Et c’est justement sur les sujets économiques et sociaux que le Président de la République était attendu. Pour exprimer sa détermination et sa longue préparation, il a déclaré, de façon étonnante : « J’ai une boîte à outils ». On sait bien que rien n’est laissé au hasard dans la communication politique moderne. Peu importe que les outils s’appellent banque publique d’investissement, pacte de compétitivité, emplois d’avenir ou autres contrats de génération – du gros outillage quand même – le recours à cette formule avait un objectif précis. Il s’agissait d’offrir, grâce à l’image bonhomme et familière de la caisse à outils, le visage d’un président proche des Français dans leurs préoccupations quotidiennes et leurs représentations habituelles.
Mauvais calcul. Le cliché était mal choisi. Il fallait du churchillien, à la rigueur du gaullien, et cette boîte à outils bien inopportune renvoyait aux clichés de l’artisan et du bricoleur. Dès le lendemain, les internautes et les twitterophiles se déchaînaient autour d’une petite caricature de F. Hollande en Mr Bricolage, publicité gratuite pour l’enseigne du même nom. Or dans l’esprit de nos concitoyens, le mot « bricolage » évoque, pour le meilleur, le plombier surchargé qu’on appelle en vain dans les chansons de Pierre Perret ou, pour le pire, ces travailleurs du week-end qui s’activent dans leur garage, entre un apéro-PMU et un match à la télé, à des ouvrages aussi incompréhensibles qu’inutiles tandis que leurs épouses, métaphores de Madame Merkel, s’occupent des choses essentielles.

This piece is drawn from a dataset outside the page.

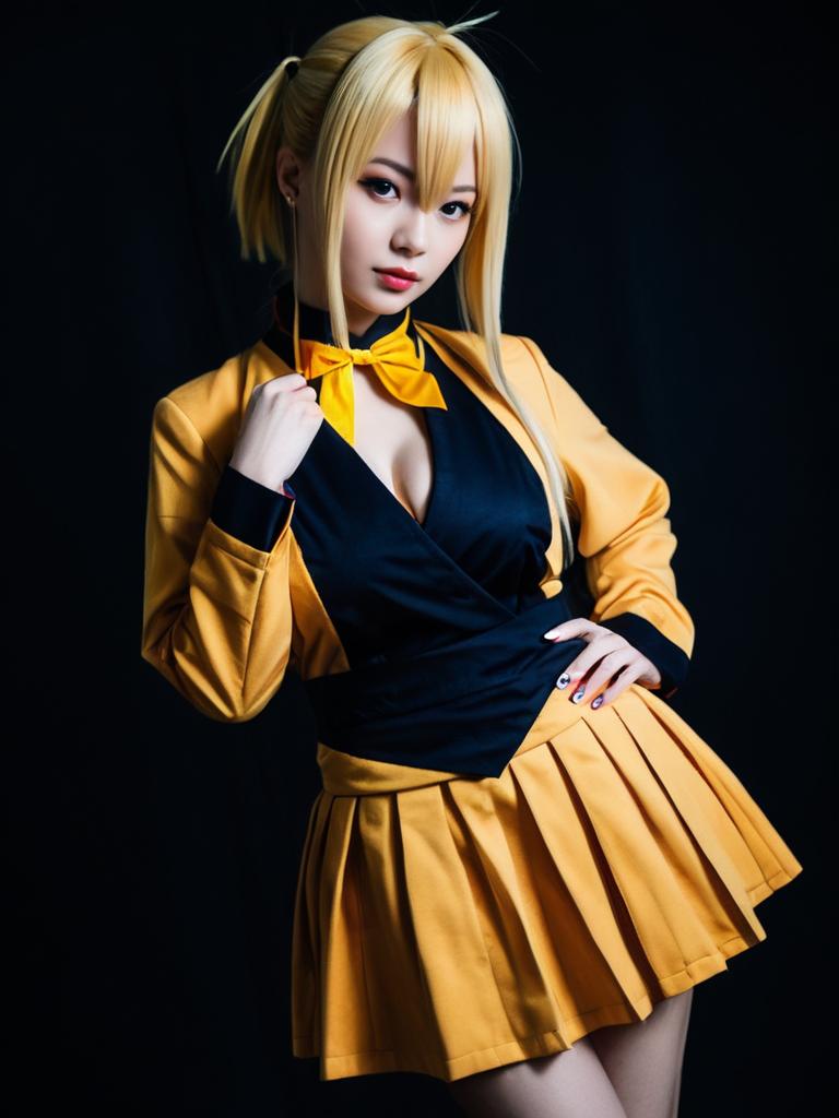 A woman dressed in a vibrant yellow and black cosplay costume inspired by Ougi Oshino from the Monogatari series poses confidently against a dark backdrop. The outfit features a pleated skirt, matching jacket, and a distinctive large bow tie, capturing the character's iconic style with realistic detail.

Bref, notre bon François Hollande se trouve en butte à l’énorme Meccano industriel et financier de la mondialisation et on à l’impression qu’il demande à Jean-Marc Ayrault de lui passer une clé de 12. C’est comme réformer la Politique Agricole Commune avec une binette et un sécateur ou pourchasser les djihadistes au Mali avec un lance-pierres et un pistolet à amorces. Pas sérieux. C’est au demeurant l’impression générale que donne le pouvoir exécutif : il fait de son mieux mais sa communication reste tristounette à force de modestie.
Le Président se consolera de ces avanies avec les poèmes du « Marteau sans maître », un beau recueil de René Char.